SUPPLIED RECORDS: Begin
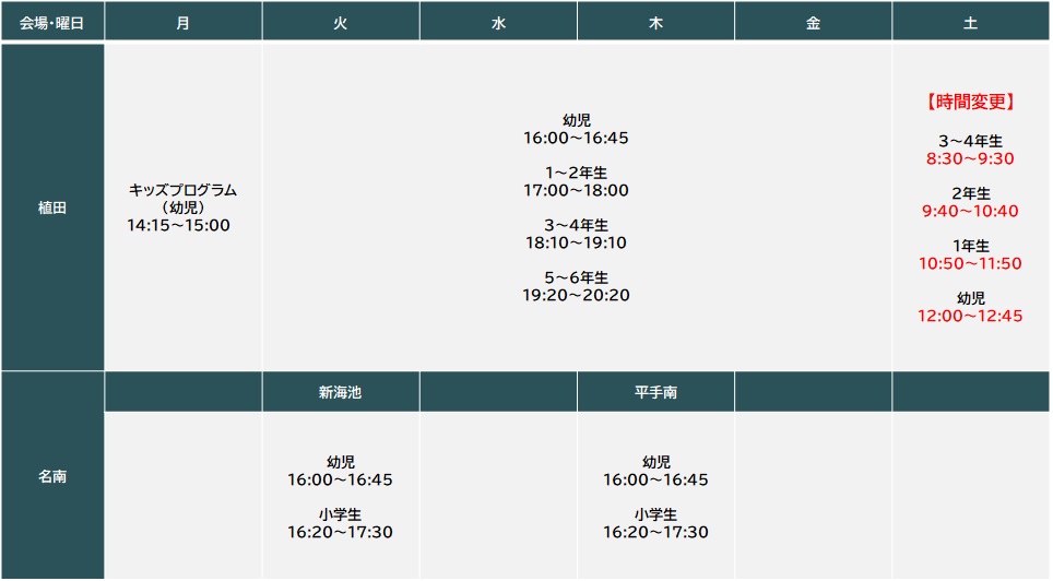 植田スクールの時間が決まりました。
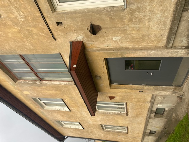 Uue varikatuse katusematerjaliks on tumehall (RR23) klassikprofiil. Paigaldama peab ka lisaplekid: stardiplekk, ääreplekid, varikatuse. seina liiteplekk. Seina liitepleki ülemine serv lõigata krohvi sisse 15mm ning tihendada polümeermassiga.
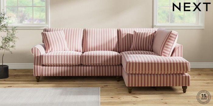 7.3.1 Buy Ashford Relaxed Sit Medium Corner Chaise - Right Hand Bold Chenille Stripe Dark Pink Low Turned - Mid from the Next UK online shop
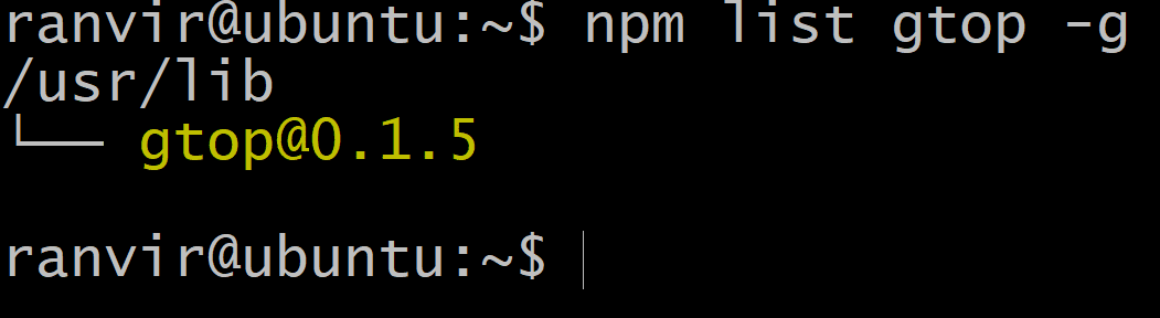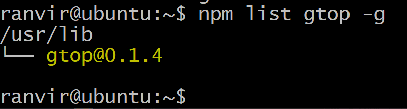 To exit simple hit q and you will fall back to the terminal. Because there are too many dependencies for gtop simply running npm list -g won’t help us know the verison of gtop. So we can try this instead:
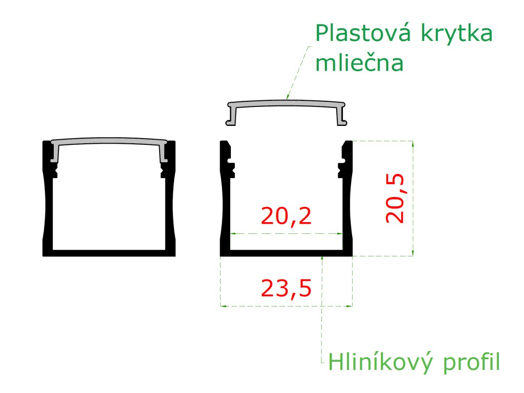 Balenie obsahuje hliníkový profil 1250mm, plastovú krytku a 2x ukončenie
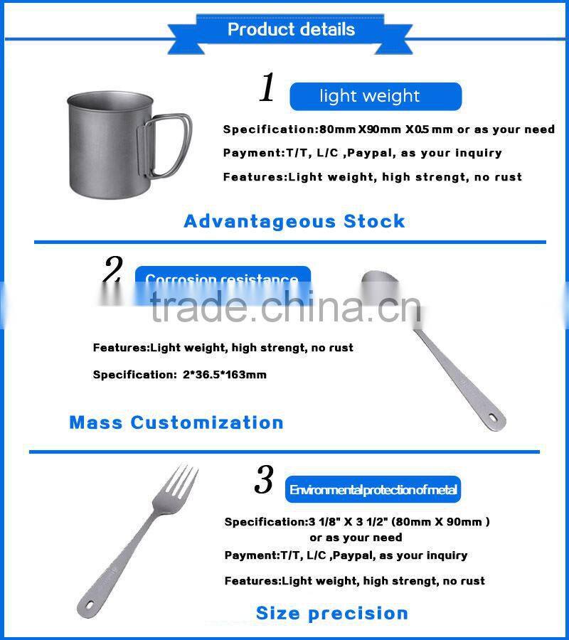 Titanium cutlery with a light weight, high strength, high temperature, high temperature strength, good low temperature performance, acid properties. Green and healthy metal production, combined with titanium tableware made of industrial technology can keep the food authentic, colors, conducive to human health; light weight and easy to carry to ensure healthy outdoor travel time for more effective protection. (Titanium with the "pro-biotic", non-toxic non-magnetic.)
SUPPLIED RECORDS: End
## PROBLEM TO SOLVE
Transcribe, from the material above, the stretch starting at the line with "Uue varikatuse katusematerjaliks" and ending at the line with "Balenie obsahuje hliníkový", both included, exactly. Do not carry over pictures.

## EXPECTED ANSWER
 Uue varikatuse katusematerjaliks on tumehall (RR23) klassikprofiil. Paigaldama peab ka lisaplekid: stardiplekk, ääreplekid, varikatuse. seina liiteplekk. Seina liitepleki ülemine serv lõigata krohvi sisse 15mm ning tihendada polümeermassiga.
 7.3.1 Buy Ashford Relaxed Sit Medium Corner Chaise - Right Hand Bold Chenille Stripe Dark Pink Low Turned - Mid from the Next UK online shop
 To exit simple hit q and you will fall back to the terminal. Because there are too many dependencies for gtop simply running npm list -g won’t help us know the verison of gtop. So we can try this instead:
 Balenie obsahuje hliníkový profil 1250mm, plastovú krytku a 2x ukončenie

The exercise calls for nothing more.